Wait, am I seeing things? A new study proves that persons who partake in smoking the natural herb cannabis developed psychotic disorders an average 2.7 years earlier than people who did not use the illegal substance.

Meanwhile, alcohol is not associated with early onset of mental disorders, but studies could not rule out the influence of cigarette smoking in association with psychosis. Cigarette smoking however proves not to worsen hallucinations or paranoia in patients with schizophrenia.

As it turns out, men are both more likely to take drugs and to develop psychosis at an earlier age than women, and young people, including those who have schizophrenia, are more likely to smoke pot than older folks, so previous studies that put upper age limits on their participants could have overstated the marijuana-psychosis link.

Cannabis is a mild sedative (often causing a chilled out feeling or actual sleepiness) and it’s also a mild hallucinogen (meaning you may experience a state where you see objects and reality in a distorted way and may even hallucinate). The main active compound in cannabis is tetrahydrocannabinol (THC).

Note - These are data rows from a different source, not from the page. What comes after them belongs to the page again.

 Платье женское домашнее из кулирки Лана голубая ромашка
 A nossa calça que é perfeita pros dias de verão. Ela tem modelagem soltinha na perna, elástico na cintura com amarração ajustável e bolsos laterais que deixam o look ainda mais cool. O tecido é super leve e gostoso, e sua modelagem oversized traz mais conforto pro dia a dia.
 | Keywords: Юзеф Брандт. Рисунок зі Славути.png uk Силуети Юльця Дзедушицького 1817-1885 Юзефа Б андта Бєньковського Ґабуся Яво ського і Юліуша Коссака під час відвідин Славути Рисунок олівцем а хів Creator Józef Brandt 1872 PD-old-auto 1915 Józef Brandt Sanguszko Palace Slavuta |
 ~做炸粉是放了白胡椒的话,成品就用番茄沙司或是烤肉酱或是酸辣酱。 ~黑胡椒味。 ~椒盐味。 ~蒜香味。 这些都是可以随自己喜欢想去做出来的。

In the study published in Archives of General Psychiatry, researchers concluded that their results “provide evidence for a relationship between cannabis use and earlier onset of psychotic illness and they support the hypothesis that cannabis use plays a causal role in the development of psychosis in some patients.”

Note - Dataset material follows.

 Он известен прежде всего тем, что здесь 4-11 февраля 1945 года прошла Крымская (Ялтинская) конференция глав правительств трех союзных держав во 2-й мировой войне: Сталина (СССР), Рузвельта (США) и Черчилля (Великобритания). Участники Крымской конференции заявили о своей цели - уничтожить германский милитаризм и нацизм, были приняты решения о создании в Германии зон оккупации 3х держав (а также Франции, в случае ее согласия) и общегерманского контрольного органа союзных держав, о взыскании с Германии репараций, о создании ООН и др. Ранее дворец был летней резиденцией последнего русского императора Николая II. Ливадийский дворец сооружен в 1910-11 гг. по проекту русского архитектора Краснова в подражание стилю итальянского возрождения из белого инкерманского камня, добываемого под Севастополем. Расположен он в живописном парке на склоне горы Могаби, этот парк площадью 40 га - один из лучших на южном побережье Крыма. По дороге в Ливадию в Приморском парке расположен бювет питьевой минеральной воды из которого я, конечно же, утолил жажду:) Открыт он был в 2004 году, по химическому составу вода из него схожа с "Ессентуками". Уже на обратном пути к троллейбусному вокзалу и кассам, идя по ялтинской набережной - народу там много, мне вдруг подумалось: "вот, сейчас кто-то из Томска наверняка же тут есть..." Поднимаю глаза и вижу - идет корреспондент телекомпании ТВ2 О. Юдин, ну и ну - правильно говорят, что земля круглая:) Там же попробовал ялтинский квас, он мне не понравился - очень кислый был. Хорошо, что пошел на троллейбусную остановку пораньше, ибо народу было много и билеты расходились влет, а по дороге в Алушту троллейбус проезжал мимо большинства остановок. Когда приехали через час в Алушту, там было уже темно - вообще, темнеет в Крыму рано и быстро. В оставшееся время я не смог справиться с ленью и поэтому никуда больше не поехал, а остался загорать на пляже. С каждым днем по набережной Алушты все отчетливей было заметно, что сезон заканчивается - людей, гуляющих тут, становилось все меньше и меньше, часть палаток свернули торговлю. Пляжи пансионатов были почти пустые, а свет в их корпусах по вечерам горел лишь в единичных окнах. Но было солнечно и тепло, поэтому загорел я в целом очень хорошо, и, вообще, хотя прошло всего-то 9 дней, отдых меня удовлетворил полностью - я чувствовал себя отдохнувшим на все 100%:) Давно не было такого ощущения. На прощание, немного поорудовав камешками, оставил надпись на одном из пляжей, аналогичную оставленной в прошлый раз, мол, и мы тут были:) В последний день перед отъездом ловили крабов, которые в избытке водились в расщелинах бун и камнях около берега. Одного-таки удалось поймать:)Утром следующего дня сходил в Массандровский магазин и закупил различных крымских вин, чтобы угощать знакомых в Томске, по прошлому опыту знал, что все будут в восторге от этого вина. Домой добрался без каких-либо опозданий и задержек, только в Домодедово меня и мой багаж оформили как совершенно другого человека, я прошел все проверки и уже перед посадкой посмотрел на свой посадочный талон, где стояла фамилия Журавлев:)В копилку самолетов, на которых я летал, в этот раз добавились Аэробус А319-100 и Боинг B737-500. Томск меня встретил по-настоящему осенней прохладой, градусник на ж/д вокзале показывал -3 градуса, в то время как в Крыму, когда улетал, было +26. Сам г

Another recent study reported that among 190 patients with schizophrenia, 121 of whom had used marijuana, cannabis appeared to affect the age of psychosis onset in a subgroup of 44 patients. The affected patients either had their first symptoms within a month of smoking pot for the first time, or experienced a severe worsening of psychotic symptoms each time they smoked.

People experiencing psychosis may report hallucinations or delusional beliefs, and may exhibit personality changes and thought disorder. Depending on its severity, this may be accompanied by unusual or bizarre behavior, as well as difficulty with social interaction and impairment in carrying out the daily life activities.

A wide variety of central nervous system diseases, from both external poisons and internal physiologic illness, can produce symptoms of psychosis.

Researchers also cite studies linking a particular gene to sensitivity to cannabis, which could help explain why most marijuana smokers don’t have a higher risk of schizophrenia, and why even many people with schizophrenia do not have earlier onset connected with cannabis use.

Still, none of the data linking marijuana use and psychosis can prove causality or sufficiently explain why rates of schizophrenia have remained stable or even declined since the 1950s, while marijuana use has increased exponentially. Unlike rates of cigarette smoking and lung cancer, which rise in tandem, marijuana smoking rates in the population do not correlate with higher rates of schizophrenia.

Since 1990 a reported 20.5 million people have used marijuana in an average year. From 1990 to 2005 annual usage was at its greatest reported level in 2002 at 25.9 million and its lowest level in 17.4 million in 1992.